Required work:
Transcribe every line from the one containing "Dvouruční bruska určena" to the end of the listing, exactly as written, and leave out the pictures.

Dataset content:
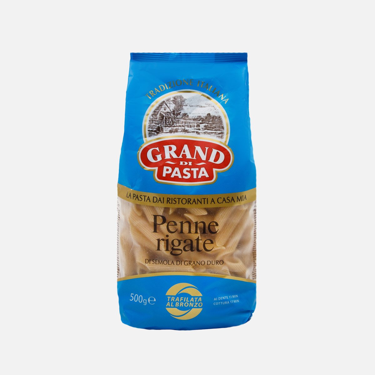 Макаронные изделия премиум-класса, произведенные из элитных сортов твердой пшеницы на современном итальянском оборудовании компании "Макфа". Благодаря эксклюзивной итальянской рецептуре, приобретенной компанией "Макфа" у старинной семейной фабрики в Италии, паста приобрела великолепный вкус, способность отлично впитывать соусы и сохранять первозданную форму. Grand di Pasta - макаронные изделия для любителей подлинной итальянской кухни. Перья - классическая итальянская паста дает простор для творчества! Благодаря бесчисленному многообразию соусов, которые великолепно подходят к пасте, Вы можете создавать разнообразные блюда и радовать ими своих родных и близких. Превосходное сочетание пасты и соусов, состоящих из мяса, морепродуктов, овощей или грибов превратят блюдо в сытное и полезное, идеально подходящее для обеда.
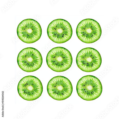 Nine Slices of Fresh Kiwi Fruit on White Background
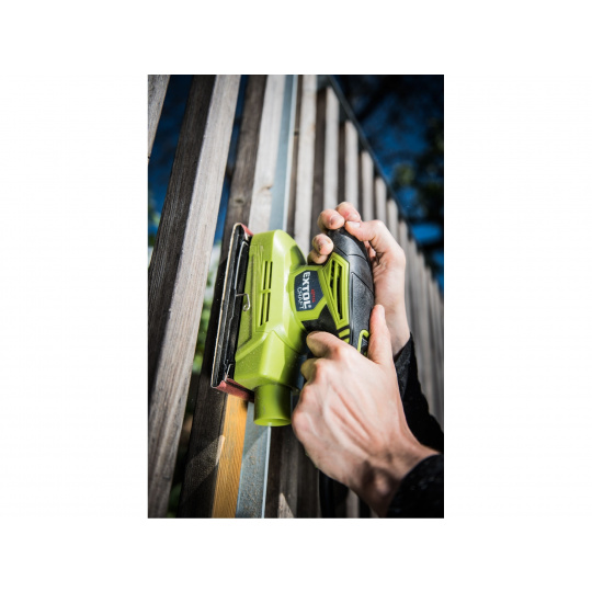 Dvouruční bruska určena pro broušení dřeva a dřevěných materiálů, kovů a zabroušení poškozených míst povrchové úpravy, např. barvy a laku, dále tmelů apod. bez použití vody. Broušení je prováděno mikrojemnými vibracemi brusné základny kmitající o vysoké frekvenci. Bruska je vhodná pro broušení v místech s pravým úhlem, např. v rozích podlah a k finálnímu zbroušení jemných defektů na površích před nanášením povrchové úpravy. Bruska není určena k broušení sádrokartonu a stavebních materiálů.
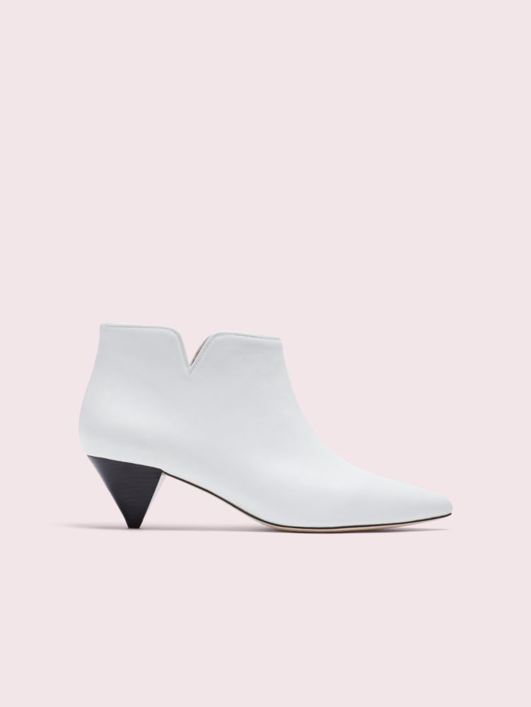 this little ankle boot features details with big impact. the plunging topline and angular heel come together to give this otherwise classic silhouette a sophisticated twist, and its luxe leather will become even more beautiful with age and wear.

Task output:
 Dvouruční bruska určena pro broušení dřeva a dřevěných materiálů, kovů a zabroušení poškozených míst povrchové úpravy, např. barvy a laku, dále tmelů apod. bez použití vody. Broušení je prováděno mikrojemnými vibracemi brusné základny kmitající o vysoké frekvenci. Bruska je vhodná pro broušení v místech s pravým úhlem, např. v rozích podlah a k finálnímu zbroušení jemných defektů na površích před nanášením povrchové úpravy. Bruska není určena k broušení sádrokartonu a stavebních materiálů.
 this little ankle boot features details with big impact. the plunging topline and angular heel come together to give this otherwise classic silhouette a sophisticated twist, and its luxe leather will become even more beautiful with age and wear.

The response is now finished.